Singapore Airlines flights SQ15/16 is preferred by the Indian diaspora living on the US west coast for their travel needs to the old country for obvious reasons: great service, fantastic Indian food options and for the able bodied and the adventure minded, a quick trip into Singapore without visa hassles. You will know where that extra money for the tickets went as soon as you place that warm towel on your face and sit back even before take off. This flight was no exception and had its quota of Indians - particularly aged parents - returning home. Most of them assume - quite reasonably - that I'm headed to India also and in the course of conversations, raise an eyebrow or even do a double take when I let them know that I'm actually headed to Korea. Seoul, to many Indians in that age group, is a two-hour layover to stretch the limbs, jump through the security hoops, perhaps get a hot beverage before heading back into the plane for the next leg of the tiring journey to or from the US. Not a destination. 

More than meets the eye
Dynamic Korea is a phrase that hits you at many places, starting from the immigration area.

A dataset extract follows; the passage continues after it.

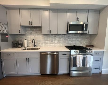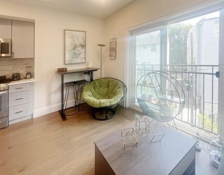 AVAIL 1/1/26: Just bring a suitcase to this 1BR second floor 2020 gut renovated floor through Condo Building! Open concept space features HW floors, high ceilings, Juliet balcony, NEST thermostat, custom blinds, video intercom and keyless entry. Kitchen is equipped w/ stainless appliances, solid surface counters, and slide in gas stove. Box windowed bedroom is charming with brick accent wall, in unit laundry closet, and walk-in closet w/ custom closet systems. Bathroom is elegant with marble tiled shower, double sink vanity, and linen built in. Great storage. Available partially furnished- ask about what items can remain! Three blocks to Airport T for a 10 min commute to downtown, and Greenway! Blocks to restaurants, groceries, shops, green space, fitness, cafes & miles of waterfront amenities- perfect for someone who needs to be close to airport! Sorry, no pets. First, security required credit 680+ and verifiable income. All internet/utilities included!

If Korea is dynamic, Seoul is truly its nerve center. The city is pulsating. The Han River bisects the city into two: the older, history and culture-rich North and the business, residential South (including the now (in)famous Gangnam) with hills all around. The cityscape is filled with extravagant skyscrapers with ornately done facades. Some tasteful, some less so but all of them wasteful. The city is served by a fantastic metro system working in tandem with a complementing bus service. But there is more to Seoul than meets the eye and much of it lies under. The underground shopping complexes, sometimes up to 3 floors deep, throb with teeming shoppers and are an experience by itself. What also hits the visitor is the density of population. Seoul houses a big chunk of the nation’s population and honeycomb-like multi-storeyed (and expensive) apartment matrices stretch out in all directions.

Churches-r-us
I had been surprised during my first few visits by the sheer number of churches dotting the cityscape. Churches of all sizes, shapes and denominations, I’m sure. They are there all the time but become more prominent once night falls with well-lit crosses identifying them, especially if you have a 25th storey vantage point. Blame it on watching too many martial arts movies as a kid, but when I was a first time visitor, I was expecting to see “local” shrines or temples, incense sticks, prayer wheels, beads, you know, anything but churches. But I was simply blown away by the extent of the spread and reach of this faith. In fact, seated in the flight to Seoul, I could see many people crossing themselves as the aircraft took off at SFO. I had to check my boarding pass to ensure that I wasn't on a flight to Rome. Amen! Or is it Hallelujah?

Asian hospitality

Hotels, airports, airlines…when it comes to quality of service, in my personal opinion, the buck stops in the nicer side of the Pacific Rim. Granted, no matter where, the service industry is just that – an industry – peopled by professionals incentivized for being nice and hospitable. Yet, the Asians appear to be inherently better at it than “the West”. The pampering (compared to United) that one receives on board a Singapore Airlines flight, the quality of service at the hotels and restaurants is clearly a notch or two above what one would expect at comparable places in the US. I have little experience in Europe or elsewhere to make a statement. The difference, to take a cynical view, is simple: even if both of them – US and Asia – are secretly wishing someone to go to hell, the Asians do a much better job of masking it.